Reading in Data
reading_in_data.Rmd
library(STAVE)
Example workflow
Input data take the form of three tables. We will use the pre-loaded example data here, if you are using your own data then you need to match this input format:
Create a STAVE object and append the data:
# create new object
s <- STAVE_object$new()
# append data using a member function
s$append_data(studies_dataframe = example_input$studies,
surveys_dataframe = example_input$surveys,
counts_dataframe = example_input$counts)
#> data correctly appended
# check how many studies are now loaded
s
#> Studies: 7
#> Surveys: 24
Once data are loaded, we can always view the different tables using get functions. However, we cannot alter the values directly.
s$get_studies() |> head()
#> # A tibble: 6 × 6
#> study_id study_name study_type authors publication_year url
#> <chr> <chr> <chr> <chr> <dbl> <chr>
#> 1 wwarn_10297_Nelson wwarn_10297_Nel… peer_revi… Nelson 1000 http…
#> 2 wwarn_10814_Dama wwarn_10814_Dama peer_revi… Dama 1000 http…
#> 3 wwarn_10992_Mallick wwarn_10992_Mal… peer_revi… Mallick 1000 http…
#> 4 wwarn_11208_Kunasol wwarn_11208_Kun… peer_revi… Kunasol 1000 http…
#> 5 wwarn_11435_Henry wwarn_11435_Hen… peer_revi… Henry 1000 http…
#> 6 wwarn_11720_Ould wwarn_11720_Ould peer_revi… Ould 1000 http…
s$get_surveys() |> head()
#> # A tibble: 6 × 11
#> study_key survey_id country_name site_name latitude longitude spatial_notes
#> <chr> <chr> <chr> <chr> <dbl> <dbl> <chr>
#> 1 wwarn_10297… wwarn_10… Thailand Kanchana… 15.3 98.5 wwarn lat an…

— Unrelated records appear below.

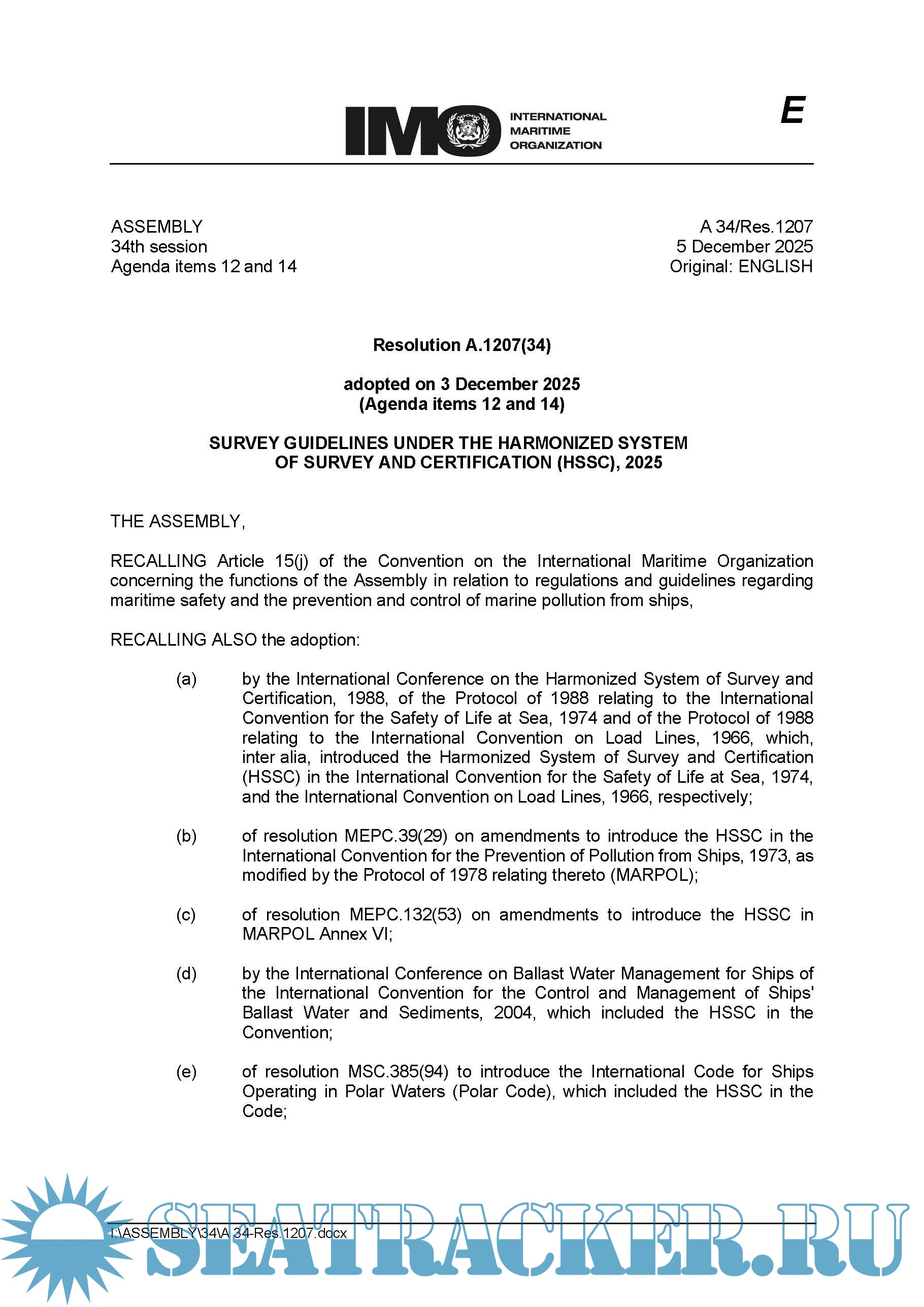 Description: Of the Convention on the International Maritime Organization concerning the functions of the Assembly in relation to regulations and guidelines regarding maritime safety and the prevention and control of marine pollution from ships.
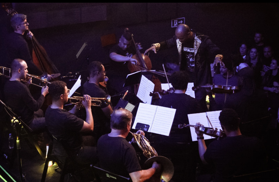 O Maestro Fabio Andres regendo a orquestra durante ensaio para a estreia no Manifesto Bar. Crédito:
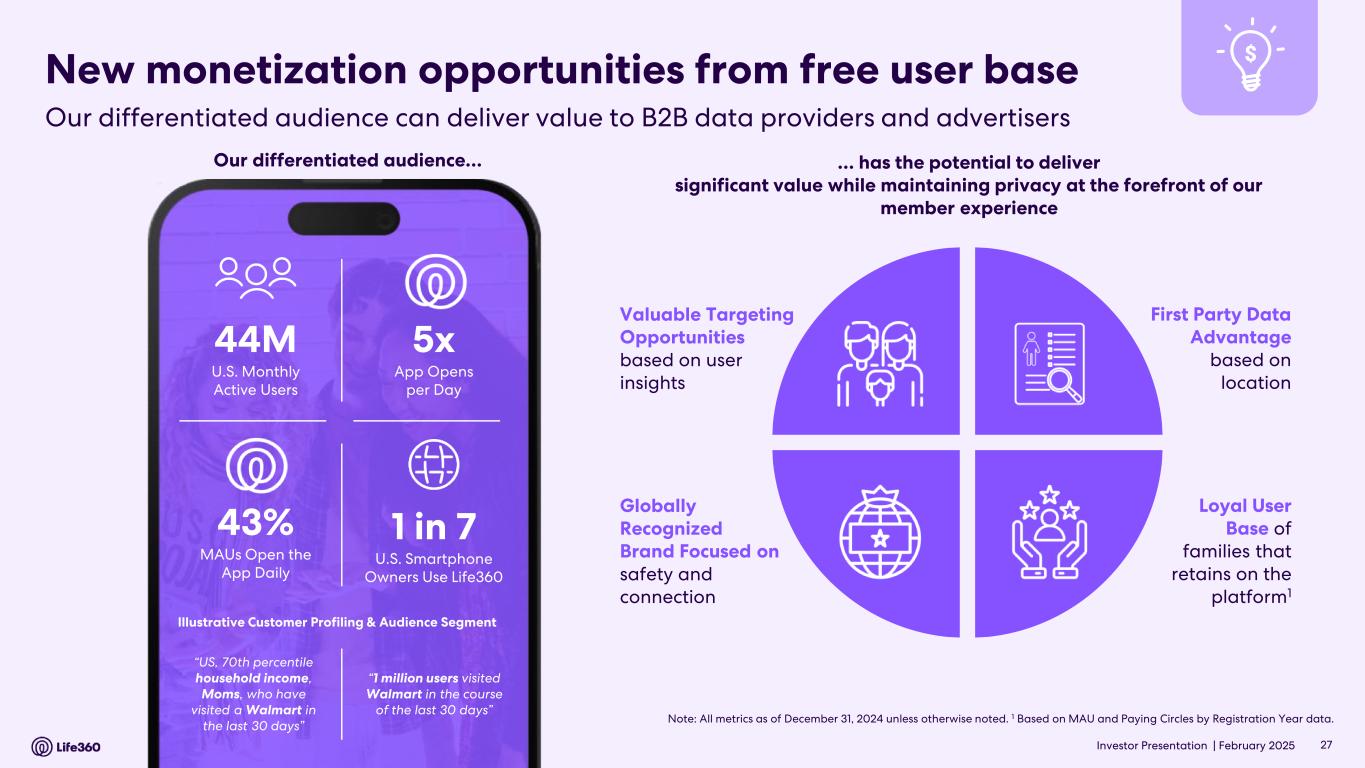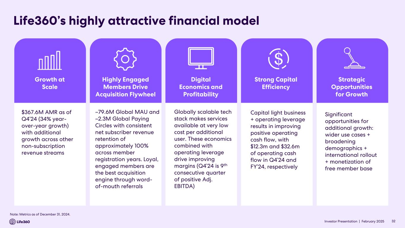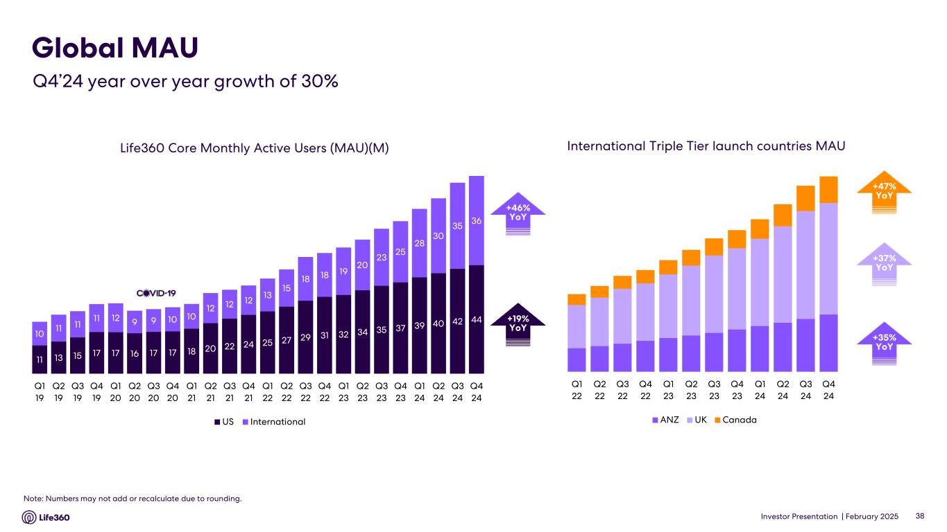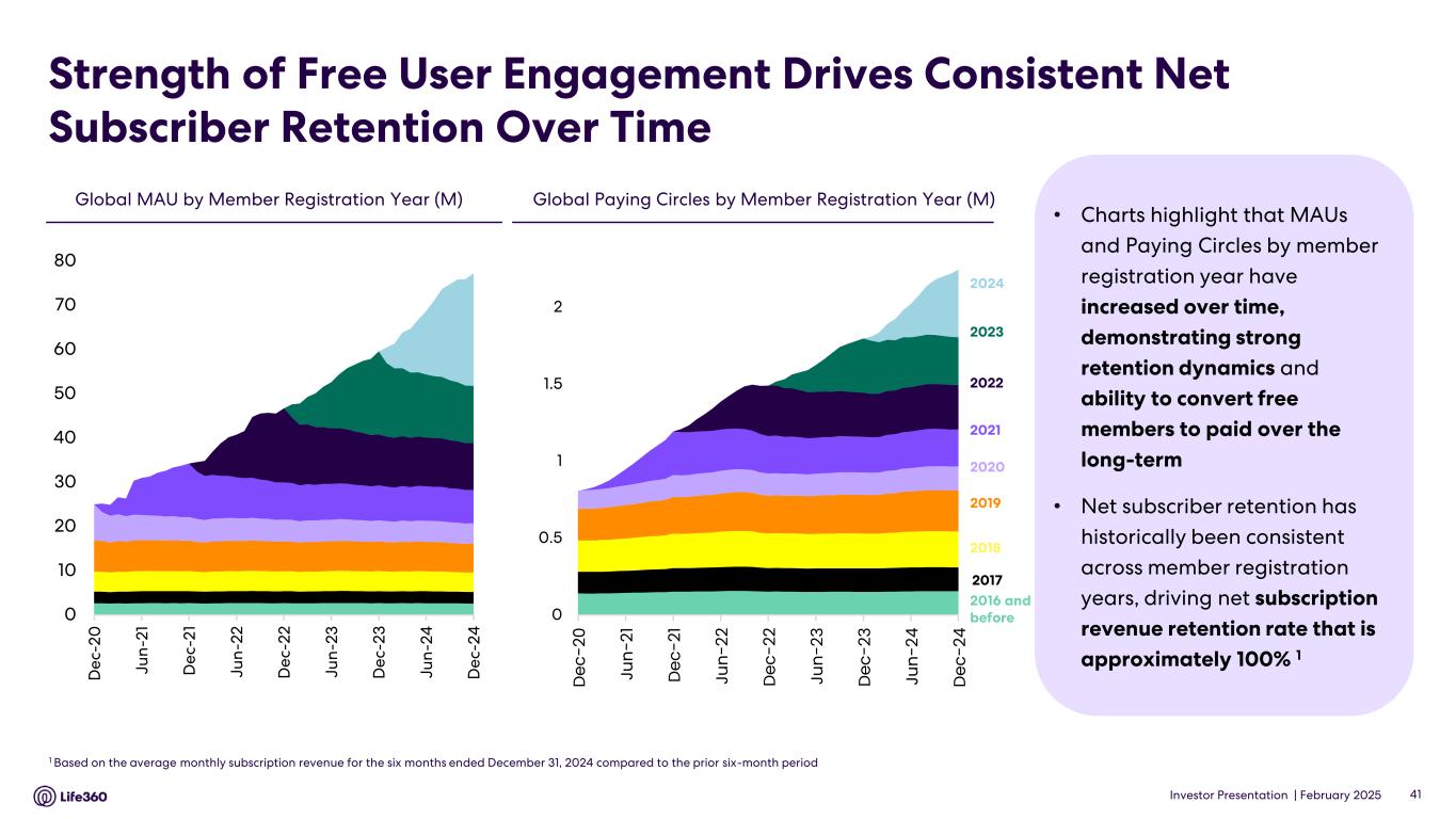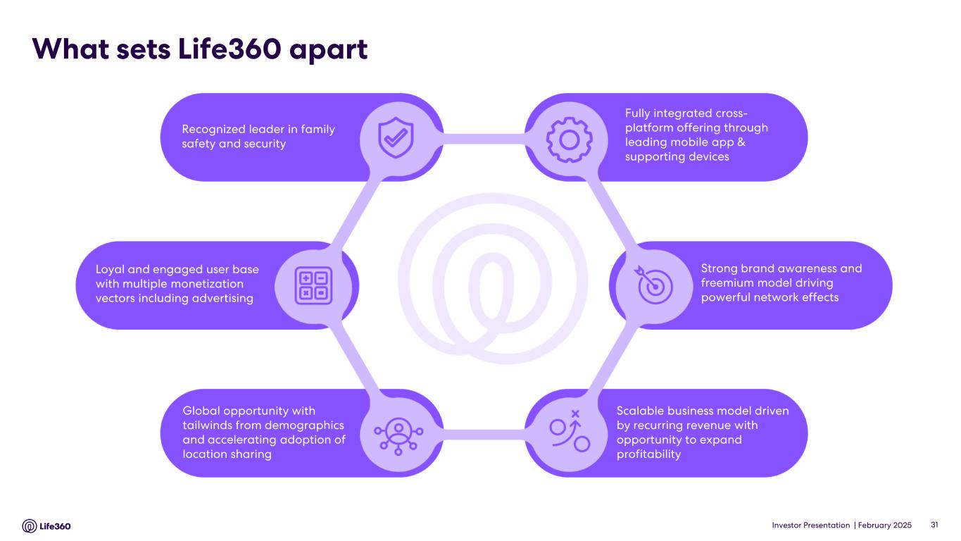 23 With respect to forward looking non-GAAP guidance, we are not able to reconcile the forward-looking non-GAAP adjusted EBITDA measure to the closest corresponding GAAP measure without unreasonable efforts because we are unable to predict the ultimate outcome of certain significant items, which are fluid and unpredictable in nature. In addition, the Company believes such a reconciliation would imply a degree of precision that may be confusing or misleading to investors. These items include, but are not limited to, litigation costs, convertible notes and derivative liability fair value adjustments, and gains/losses on revaluation of contingent consideration. These items may be material to our results calculated in accordance with GAAP. 24 Adjusted EBITDA and EBITDA are non-GAAP measures. For more information, including the definitions of Adjusted EBITDA and EBITDA, the use of these non-GAAP measures, as well as reconciliations of Net Income (Loss) to each of Adjusted EBITDA and EBITDA, refer to the “EBITDA and Adjusted EBITDA” section above and the “Supplementary and Non-GAAP Financial Information” section below. Investor Conference Call A conference call will be held today as follows: US PT: Thursday 27 February at 2:30pm US ET: Thursday 27 February at 5:30pm AEDT: Friday 28 February at 9.30am The call will be held as a Zoom audio webinar. Participants wishing to ask a question should register and join via their browser here. Participants joining via telephone will be in listen only mode. Dial in details U.S.: +1 669 900 6833 Australia: +61 2 8015 6011 Other countries: details Meeting ID: 959 2239 9779 A replay will be available after the call at https://investors.life360.com Authorization Chris Hulls, Director, Co-Founder and Chief Executive Officer of Life360 authorized this announcement being given to ASX. About Life360 Life360, a family connection and safety company, keeps people close to the ones they love. The category- leading mobile app and Tile tracking devices empower members to stay connected to the people, pets, and things they care about most, with a range of services, including location sharing, safe driver reports, and crash detection with emergency dispatch. As a remote-first company based in the San Francisco Bay Area, Life360 serves approximately 79.6 million monthly active users (MAU), as of December 31, 2024, across more than 170 countries. Life360 delivers peace of mind and enhances everyday family life in all the moments that matter, big and small. For more information, please visit life360.com. Contacts For U.S. investor inquiries: For U.S. media inquiries: Raymond (RJ) Jones Lynnette Bruno rjones@life360.com press@life360.com For Australian investor inquiries: For Australian media inquiries: Jolanta Masojada, +61 417 261 367 Giles Rafferty, +61 481 467 903 jmasojada@life360.com grafferty@firstadvisers.com.au Note: The financial information in this announcement may not add or recalculate due to rounding. All references to $ are to U.S. dollars. Life360, Inc. | ARBN 629 412 942 | 1900 South Norfolk St, Suite 310 San Mateo, CA 94403 | investors.life360.com 7

#> 2 wwarn_10814… wwarn_10… Mali Koulikoro 12.6 -8.14 wwarn lat an…
#> 3 wwarn_10992… wwarn_10… India Chhattis… 20.1 80.8 wwarn lat an…
#> 4 wwarn_10992… wwarn_10… India Goa 15.3 74.1 wwarn lat an…
#> 5 wwarn_10992… wwarn_10… India Gujarat 23.0 73.6 wwarn lat an…
#> 6 wwarn_10992… wwarn_10… India Heilongj… 88.3 27.2 wwarn lat an…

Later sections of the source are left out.